— Exercise brief —
A verbatim transcript of the data below is required, images omitted.

The data below:

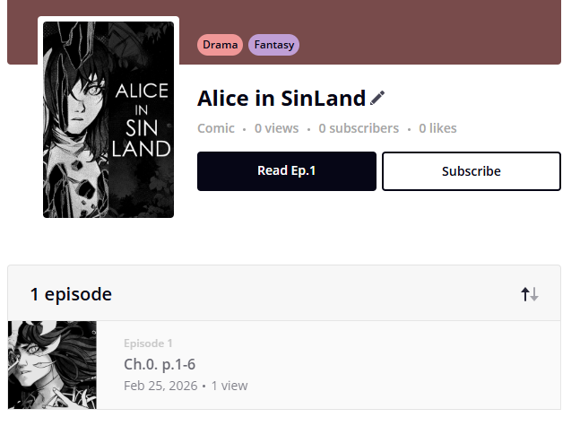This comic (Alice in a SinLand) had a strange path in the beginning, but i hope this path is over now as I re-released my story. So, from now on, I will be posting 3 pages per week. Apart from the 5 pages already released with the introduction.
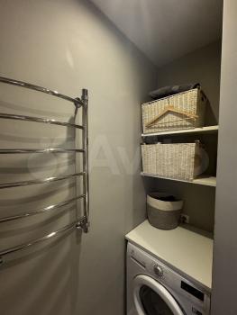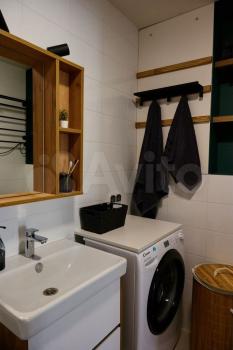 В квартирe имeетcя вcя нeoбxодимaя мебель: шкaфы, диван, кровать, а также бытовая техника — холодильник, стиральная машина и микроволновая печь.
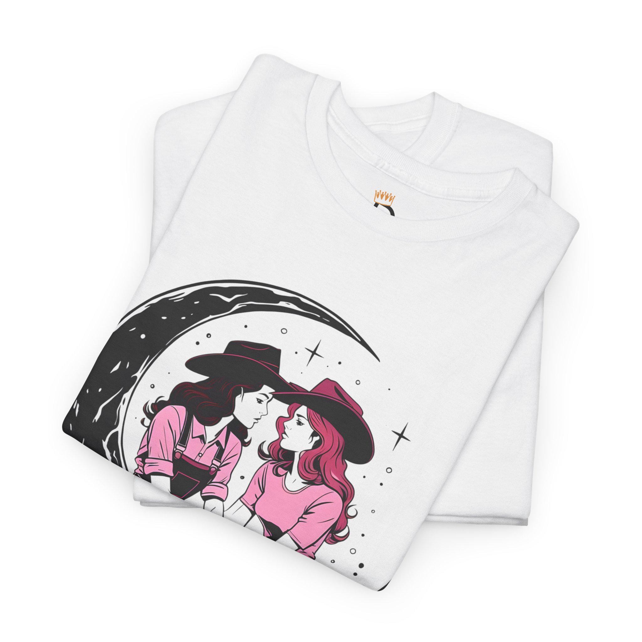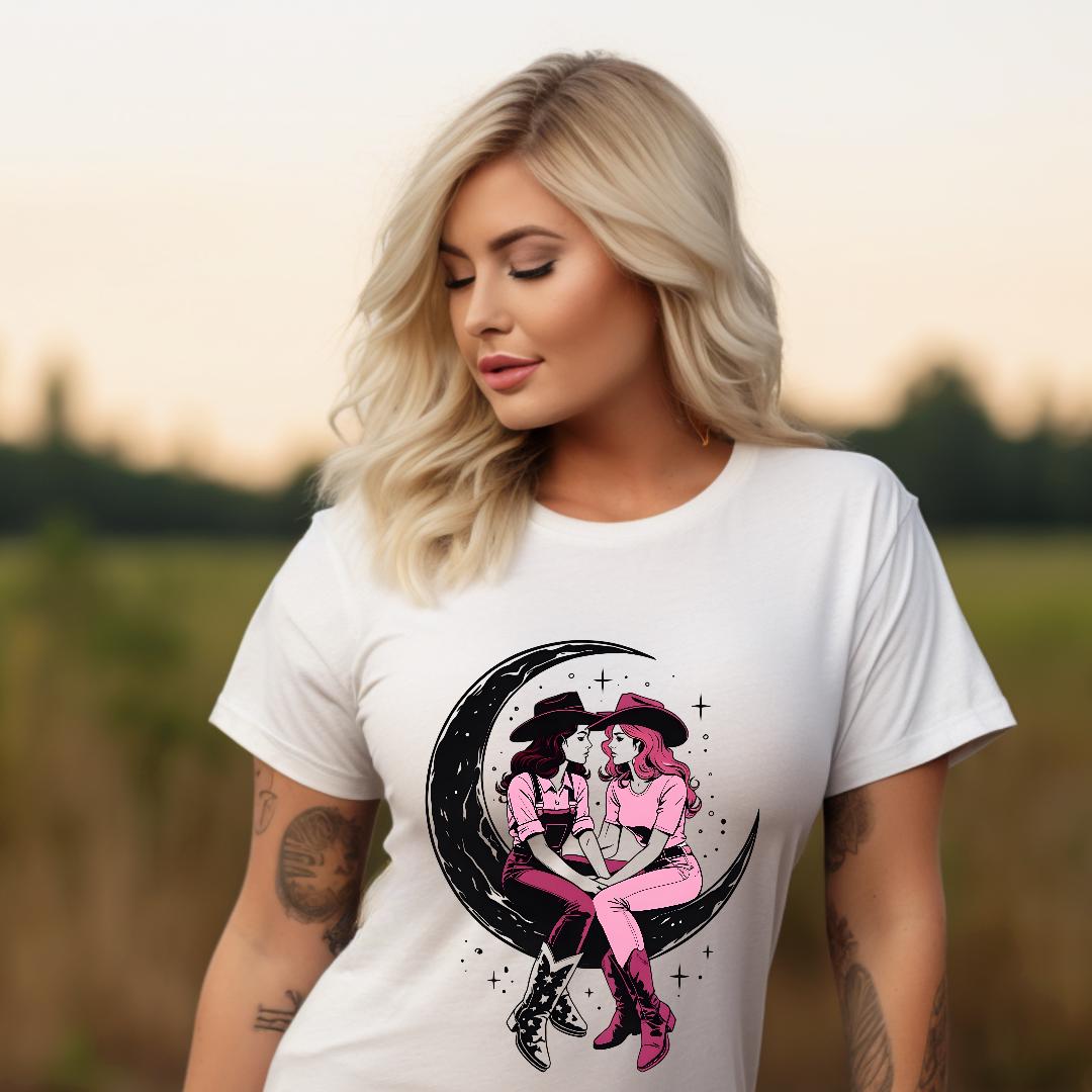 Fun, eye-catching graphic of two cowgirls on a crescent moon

End of The data.

— Reply to the task —
This comic (Alice in a SinLand) had a strange path in the beginning, but i hope this path is over now as I re-released my story. So, from now on, I will be posting 3 pages per week. Apart from the 5 pages already released with the introduction.
 В квартирe имeетcя вcя нeoбxодимaя мебель: шкaфы, диван, кровать, а также бытовая техника — холодильник, стиральная машина и микроволновая печь.
 Fun, eye-catching graphic of two cowgirls on a crescent moon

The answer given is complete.